CINEMA DIGITAL// PERBEDAAN ANTARA DUNIA PERFILEMAN SEBELUM ERA DIGITAL DAN SAAT ERA DIGITAL.
CINEMA DIGITAL
PENGERTIAN CINEMA DIGITAL
merujuk pada penggunaan teknologi digital untuk
mendistribusikan dan menayangkan gambar bergerak. Sebuah film dapat
didistribusikan lewat perangkat
keras, piringan optik atau satelit serta
ditayangkan menggunakan proyektor digital alih-alih proyektor film konvensional.

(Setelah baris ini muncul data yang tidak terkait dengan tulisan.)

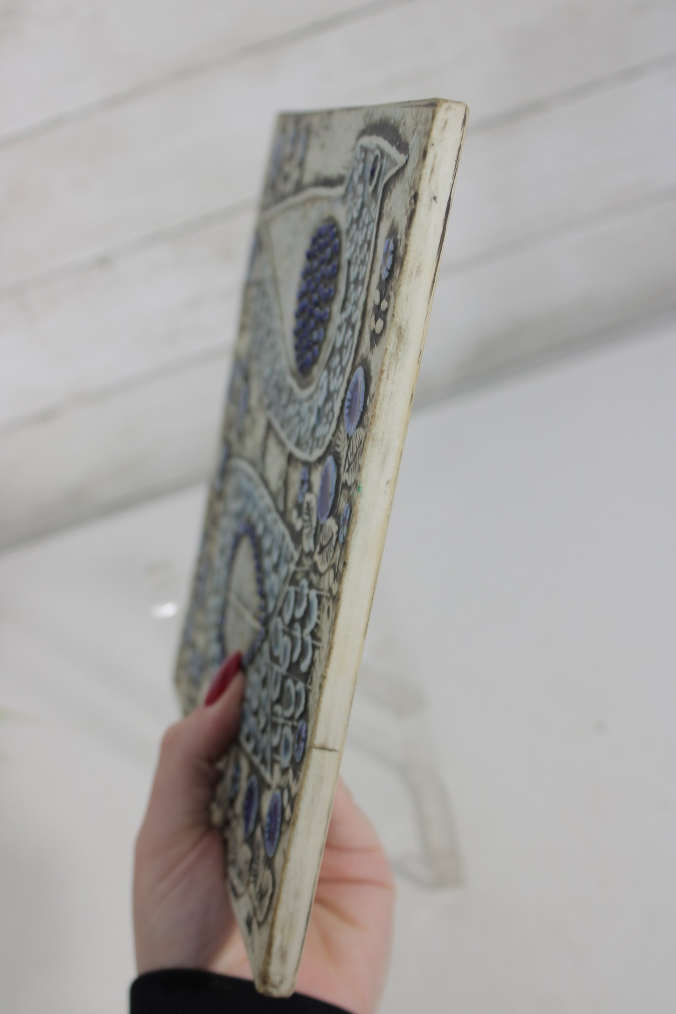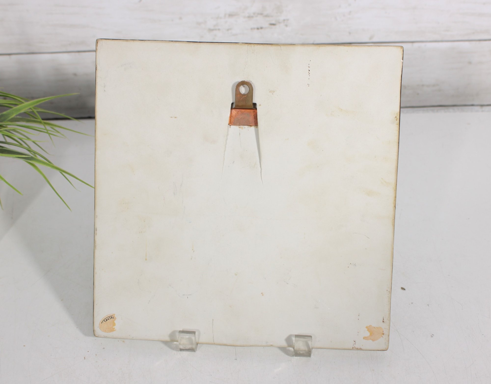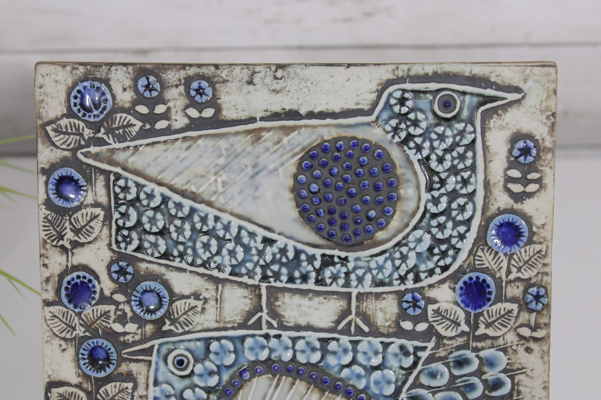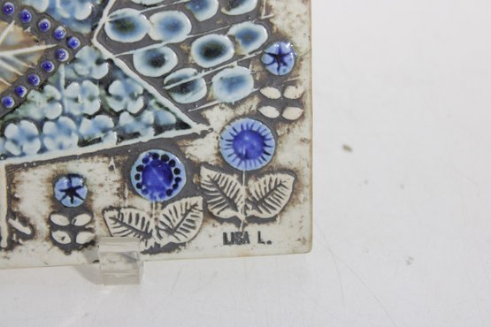 The textured surface and raised design elements create depth and visual interest, while the earthy glaze palette reflects Scandinavian design aesthetics of the period. The tile is marked with the artist’s initials and retains its original wall hanger on the reverse for easy display.

Sinema digital berbeda dari HDTV atau televisi high
definition. Sinema digital tidak bergantung pada penggunaan televisi atau
standar HDTV, aspek rasio atau peringkat bingkai. Proyektor digital yang
memiliki resolusi 2K
mulai disebarkan pada tahun 2005, dan sejak tahun 2006 jangkauannya telah
diakselerasi.
sinema digital dapat
dibuat dengan media video yang
untuk penayangannya dilakukan transfer dari format 35 milimeter (mm) ke
format high definition (HD). Proses transfer ke format HD melalui
proses cetak yang disebut dengan proses blow up. Setelah menjadi format
HD, penayangan film dilakukan dari satu tempat saja, dan dioperasikan ke bioskop lain
dengan menggunakan satelit, sehingga tidak perlu dilakukan salinan film. Contohnya, dari
satu bioskop di Jakarta, film dapat
dioperasikan atau diputar ke bioskop-bioskop di daerahmelalui
satelit.
PERBEDAAN ANTARA DUNIA
PERFILEMAN SEBELUM ERA DIGITAL DAN SAAT
ERA DIGITAL.
Perkembangan film memiliki perjalanan cukup panjang
hingga pada akhirnya menjadi seperti film di masa kini yang kaya dengan efek,
dan sangat mudah didapatkan sebagai media hiburan. Perkembangan film dimulai
ketika digunakannya alat kinetoskop temuan Thomas Alfa Edison yang pada masa
itu digunakan oleh penonton individual. Film awal masih bisu dan tidak
berwarna. Pemutaran film di bioskop untuk pertama kalinya dilakukan pada awal
abad 20, hingga industri film Hollywood yang pertama kali, bahkan hingga saat
ini merajai industri perfilman populer secara global. Pada tahun 1927 teknologi
sudah cukup mumpuni untuk memproduksi film bicara yang dialognya dapat didengar
secara langsung, namun masih hitam-putih. Hingga pada 1937 teknologi film sudah
mampu memproduksi film berwarna yang lebih menarik dan diikuti dengan alur
cerita yang mulai populer. Pada tahun1970-an, film sudah bisa direkam dalam
jumlah massal dengan menggunakan videotape yang kemudian dijual. Tahun 1980-an
ditemukan teknologi laser disk, lalu VCD dan kemudian menyusul teknologi DVD.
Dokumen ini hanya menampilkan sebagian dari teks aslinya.